Ein sehr interessantes Thema und eine Frage, die mich eigentlich seit dem kürzlichen Beginn meiner zweiten "Klavierkarriere" beschäftigt: was passiert vor dem geistigen Auge anderer Klavierspieler während des Spiels?
Bei mir ist es nämlich so, dass vor meinem geistigen Augen irgendwie nichts passiert.
Wenn ich ein neues Stück einübe, läuft es normalerweise so ab:
Im Schneckenzeitlupentempo übe ich die ersten paar Takte ein, bis sie einigermaßen, aber nicht perfekt sitzen. Dabei versuche ich aber, nicht stur Takt für Takt vorzugehen, sondern auch Rücksicht auf mir sinnvoll erscheinende zusammenhänge, z.B. in der Melodie, zu nehmen.
Dann gehe ich weiter zu den nächsten 2-3 Takten, wobei ich trotzdem immer wieder mal zu den ersten Takten zurückgehe und von diesen zum aktuellen Punkt spiele.
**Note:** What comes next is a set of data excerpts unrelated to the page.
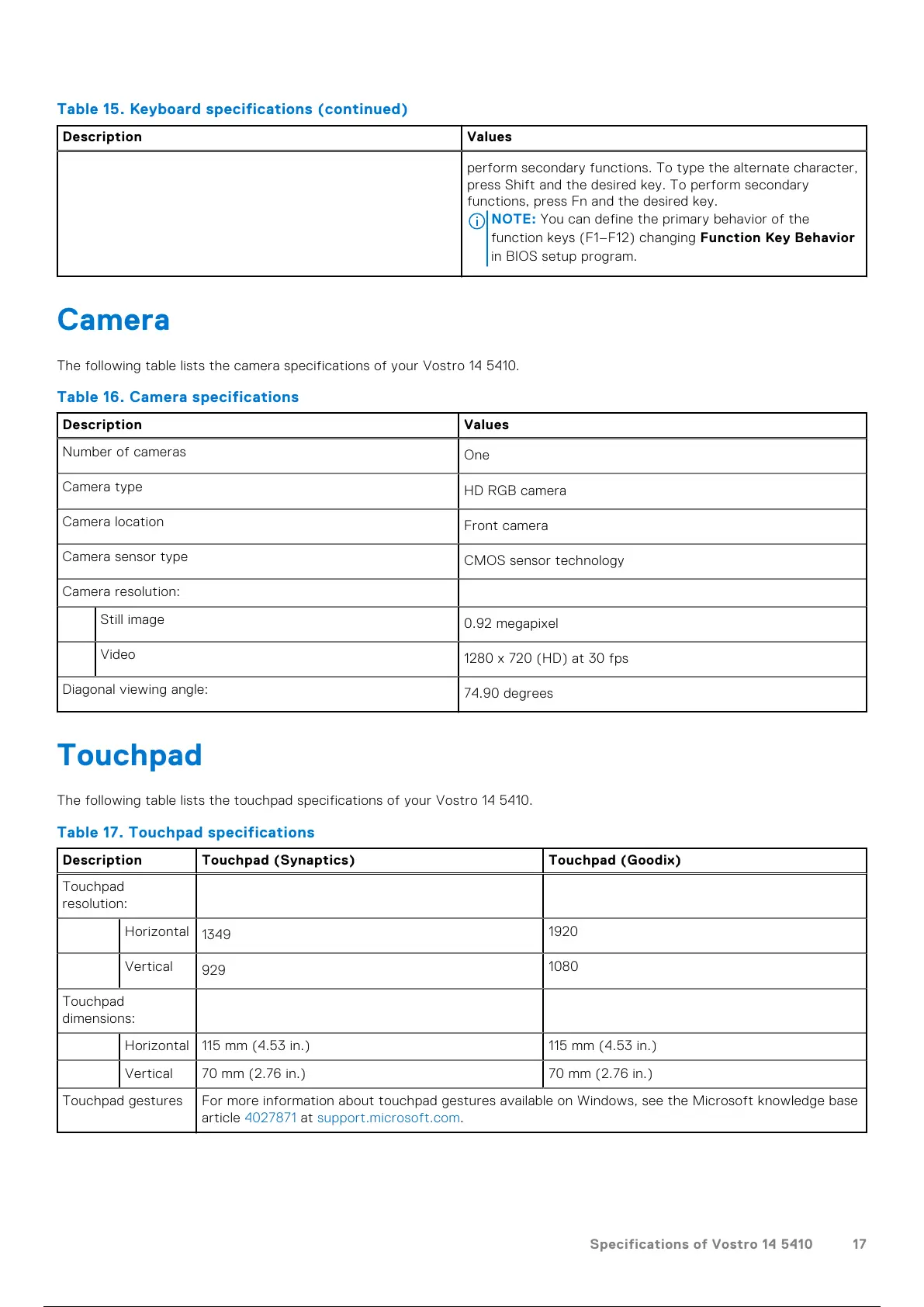 The following table lists the touchpad specifications of your Vostro 14 5410.
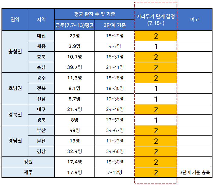 1) 비수도권은 7월 15일(목)부터 거리두기 기준 및 지역 상황을 고려하여 지자체별로 단계를 조정한다.
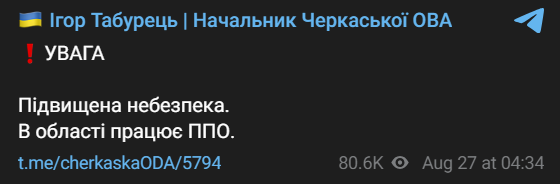 07:40 В Черкасской области во время воздушной тревоги сегодня ночью работала система противовоздушной обороны.
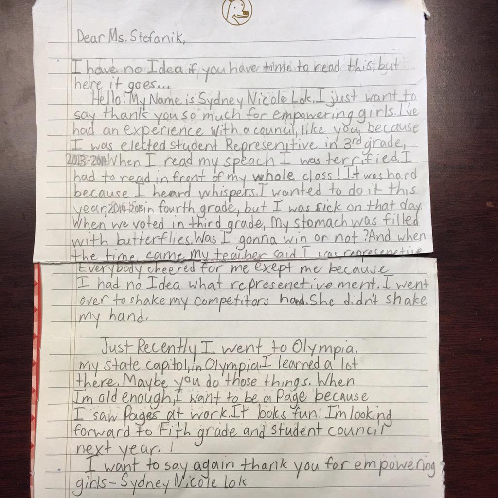 Yes Sydney, I definitely had time to read your thoughtful letter. I'm so proud of you for making a difference!pic.twitter.com/Nda0RjFUuE
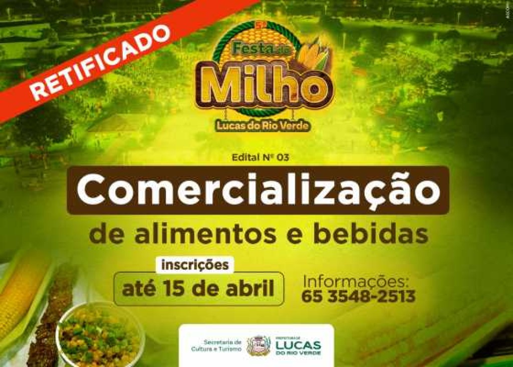 5ª Festa do Milho: Prefeitura divulga retificação no edital de comercialização de alimentos e bebidas
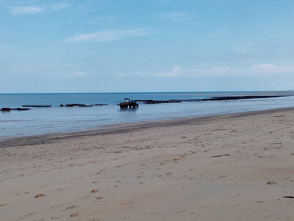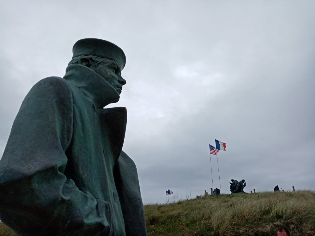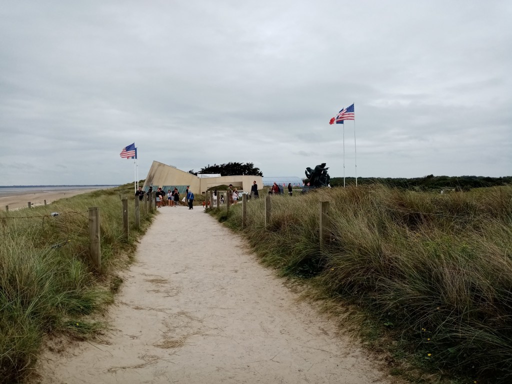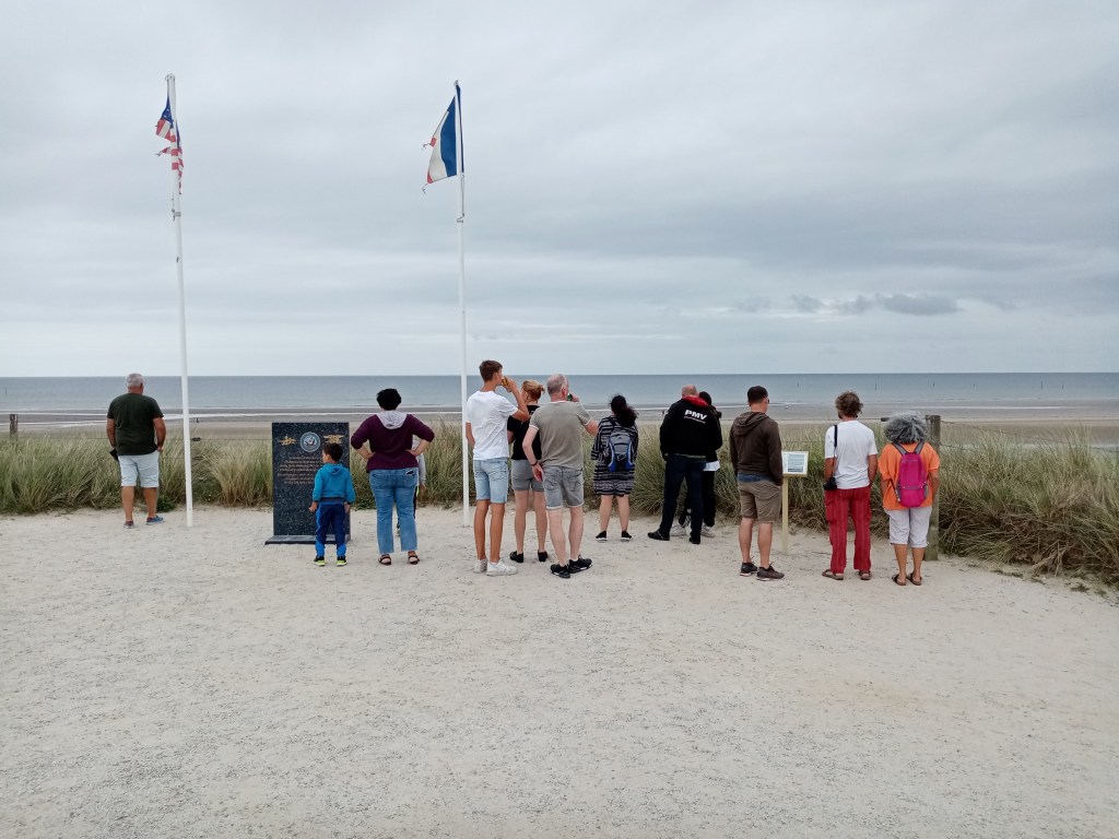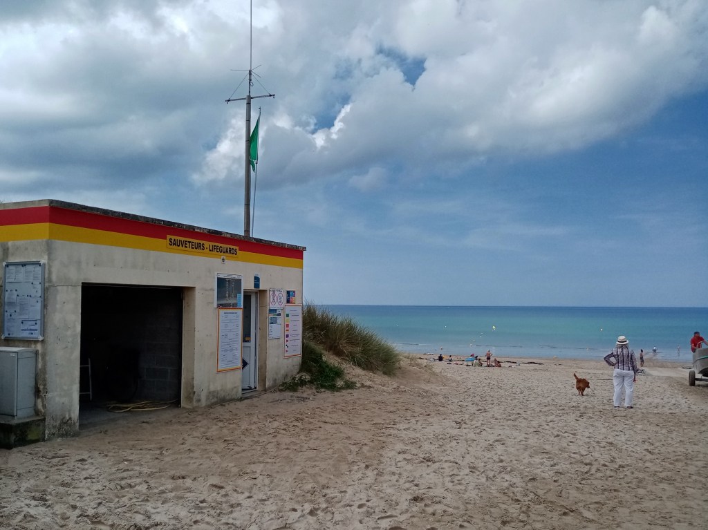 Alle quattro si parte. Dobbiamo fare un po’ di scorta cibarie, così lasciamo perdere l’idea di andare sula N13 e proseguiamo sulla D514. Superiamo le tante località legate alla memoria del D-Day (Colleville, Saint-Laurent, Vierville, Saint-Pierre-du-Mont, luoghi già visitati in molteplici occasioni) e dopo una breve sosta al Carrefour di Grandcamp-Masy – altro posto che sicuramente vale il viaggio ma sarà per la prossima volta – andiamo a imboccare la N13 a Osmanville. Usciamo a Saint-Côme-du-Mont verso la D913, superiamo Sainte-Marie-du-Mont e verso le sette siamo sistemati nel bel parcheggio gratuito nei pressi del Museo Memoriale di Utah Beach (La Madaleine Plage). Tempo bello, ne approfittiamo per fare due passi sulla spiaggia.

So lockere ich das Ganze etwas auf, wenn mir nach der x-ten Wiederholung der neuen Takte etwas langweilig wird, außerdem sitzen dadurch die ersten Takte immer besser und ich kriege gleichzeitig die Übergänge zu den neuen Takten besser geregelt, als wenn ich diese stur für sich alleine üben würde.
Das ist so mein systematischer Ablauf.
Technisch sieht der Ablauf so aus, dass ich dabei hauptsächlich auf die Noten schaue und mir dabei innerlich vorlese, welche Taste ich mit welchem Finger drücken muss. Bei schwereren, komplizierteren Stellen hilft es auch, dies tatsächlich laut auszusprechen.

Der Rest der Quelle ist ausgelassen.